Segment Start: Source material

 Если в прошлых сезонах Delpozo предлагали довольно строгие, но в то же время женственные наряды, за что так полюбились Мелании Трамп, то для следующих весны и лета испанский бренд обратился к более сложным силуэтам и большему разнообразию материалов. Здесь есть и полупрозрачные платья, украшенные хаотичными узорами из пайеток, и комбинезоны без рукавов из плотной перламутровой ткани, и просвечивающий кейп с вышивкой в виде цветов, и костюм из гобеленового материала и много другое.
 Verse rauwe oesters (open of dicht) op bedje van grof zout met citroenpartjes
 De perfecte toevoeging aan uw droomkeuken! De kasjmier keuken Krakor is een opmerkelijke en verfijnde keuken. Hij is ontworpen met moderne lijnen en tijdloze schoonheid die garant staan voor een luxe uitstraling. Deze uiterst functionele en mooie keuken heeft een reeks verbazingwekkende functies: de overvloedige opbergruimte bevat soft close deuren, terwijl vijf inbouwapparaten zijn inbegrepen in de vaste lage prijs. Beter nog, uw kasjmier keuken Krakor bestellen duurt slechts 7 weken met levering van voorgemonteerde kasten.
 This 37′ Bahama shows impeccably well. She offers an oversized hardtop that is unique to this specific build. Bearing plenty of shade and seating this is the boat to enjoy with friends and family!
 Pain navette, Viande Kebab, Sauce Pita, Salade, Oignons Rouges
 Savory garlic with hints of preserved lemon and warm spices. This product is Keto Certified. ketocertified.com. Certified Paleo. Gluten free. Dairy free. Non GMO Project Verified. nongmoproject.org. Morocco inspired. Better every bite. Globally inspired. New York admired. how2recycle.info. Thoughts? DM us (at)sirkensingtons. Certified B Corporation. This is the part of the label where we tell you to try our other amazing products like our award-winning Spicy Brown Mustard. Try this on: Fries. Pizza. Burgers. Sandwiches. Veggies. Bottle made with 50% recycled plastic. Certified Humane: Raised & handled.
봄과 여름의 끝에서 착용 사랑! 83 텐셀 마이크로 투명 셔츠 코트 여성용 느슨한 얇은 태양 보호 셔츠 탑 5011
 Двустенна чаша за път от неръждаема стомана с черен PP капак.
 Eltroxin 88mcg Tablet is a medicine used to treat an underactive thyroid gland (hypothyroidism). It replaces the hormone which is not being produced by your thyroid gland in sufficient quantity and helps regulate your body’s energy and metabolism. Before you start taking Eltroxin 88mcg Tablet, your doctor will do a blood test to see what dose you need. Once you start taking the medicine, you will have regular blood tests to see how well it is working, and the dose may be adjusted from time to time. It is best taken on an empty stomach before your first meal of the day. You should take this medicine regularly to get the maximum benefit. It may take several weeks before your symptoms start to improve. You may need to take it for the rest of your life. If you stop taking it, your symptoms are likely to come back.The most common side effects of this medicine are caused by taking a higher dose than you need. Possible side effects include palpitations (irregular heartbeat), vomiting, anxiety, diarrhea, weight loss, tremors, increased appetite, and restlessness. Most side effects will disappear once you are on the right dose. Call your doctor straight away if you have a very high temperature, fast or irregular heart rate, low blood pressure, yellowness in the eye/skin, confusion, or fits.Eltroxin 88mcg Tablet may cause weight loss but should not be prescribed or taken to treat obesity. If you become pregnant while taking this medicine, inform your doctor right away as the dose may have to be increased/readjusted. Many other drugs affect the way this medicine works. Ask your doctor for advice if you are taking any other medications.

Segment End: Source material

_Exercise aim_
Would you transcribe all of the data, keeping each line exact?

_Completed exercise_
 Если в прошлых сезонах Delpozo предлагали довольно строгие, но в то же время женственные наряды, за что так полюбились Мелании Трамп, то для следующих весны и лета испанский бренд обратился к более сложным силуэтам и большему разнообразию материалов. Здесь есть и полупрозрачные платья, украшенные хаотичными узорами из пайеток, и комбинезоны без рукавов из плотной перламутровой ткани, и просвечивающий кейп с вышивкой в виде цветов, и костюм из гобеленового материала и много другое.
 Verse rauwe oesters (open of dicht) op bedje van grof zout met citroenpartjes
 De perfecte toevoeging aan uw droomkeuken! De kasjmier keuken Krakor is een opmerkelijke en verfijnde keuken. Hij is ontworpen met moderne lijnen en tijdloze schoonheid die garant staan voor een luxe uitstraling. Deze uiterst functionele en mooie keuken heeft een reeks verbazingwekkende functies: de overvloedige opbergruimte bevat soft close deuren, terwijl vijf inbouwapparaten zijn inbegrepen in de vaste lage prijs. Beter nog, uw kasjmier keuken Krakor bestellen duurt slechts 7 weken met levering van voorgemonteerde kasten.
 This 37′ Bahama shows impeccably well. She offers an oversized hardtop that is unique to this specific build. Bearing plenty of shade and seating this is the boat to enjoy with friends and family!
 Pain navette, Viande Kebab, Sauce Pita, Salade, Oignons Rouges
 Savory garlic with hints of preserved lemon and warm spices. This product is Keto Certified. ketocertified.com. Certified Paleo. Gluten free. Dairy free. Non GMO Project Verified. nongmoproject.org. Morocco inspired. Better every bite. Globally inspired. New York admired. how2recycle.info. Thoughts? DM us (at)sirkensingtons. Certified B Corporation. This is the part of the label where we tell you to try our other amazing products like our award-winning Spicy Brown Mustard. Try this on: Fries. Pizza. Burgers. Sandwiches. Veggies. Bottle made with 50% recycled plastic. Certified Humane: Raised & handled.
봄과 여름의 끝에서 착용 사랑! 83 텐셀 마이크로 투명 셔츠 코트 여성용 느슨한 얇은 태양 보호 셔츠 탑 5011
 Двустенна чаша за път от неръждаема стомана с черен PP капак.
 Eltroxin 88mcg Tablet is a medicine used to treat an underactive thyroid gland (hypothyroidism). It replaces the hormone which is not being produced by your thyroid gland in sufficient quantity and helps regulate your body’s energy and metabolism. Before you start taking Eltroxin 88mcg Tablet, your doctor will do a blood test to see what dose you need. Once you start taking the medicine, you will have regular blood tests to see how well it is working, and the dose may be adjusted from time to time. It is best taken on an empty stomach before your first meal of the day. You should take this medicine regularly to get the maximum benefit. It may take several weeks before your symptoms start to improve. You may need to take it for the rest of your life. If you stop taking it, your symptoms are likely to come back.The most common side effects of this medicine are caused by taking a higher dose than you need. Possible side effects include palpitations (irregular heartbeat), vomiting, anxiety, diarrhea, weight loss, tremors, increased appetite, and restlessness. Most side effects will disappear once you are on the right dose. Call your doctor straight away if you have a very high temperature, fast or irregular heart rate, low blood pressure, yellowness in the eye/skin, confusion, or fits.Eltroxin 88mcg Tablet may cause weight loss but should not be prescribed or taken to treat obesity. If you become pregnant while taking this medicine, inform your doctor right away as the dose may have to be increased/readjusted. Many other drugs affect the way this medicine works. Ask your doctor for advice if you are taking any other medications.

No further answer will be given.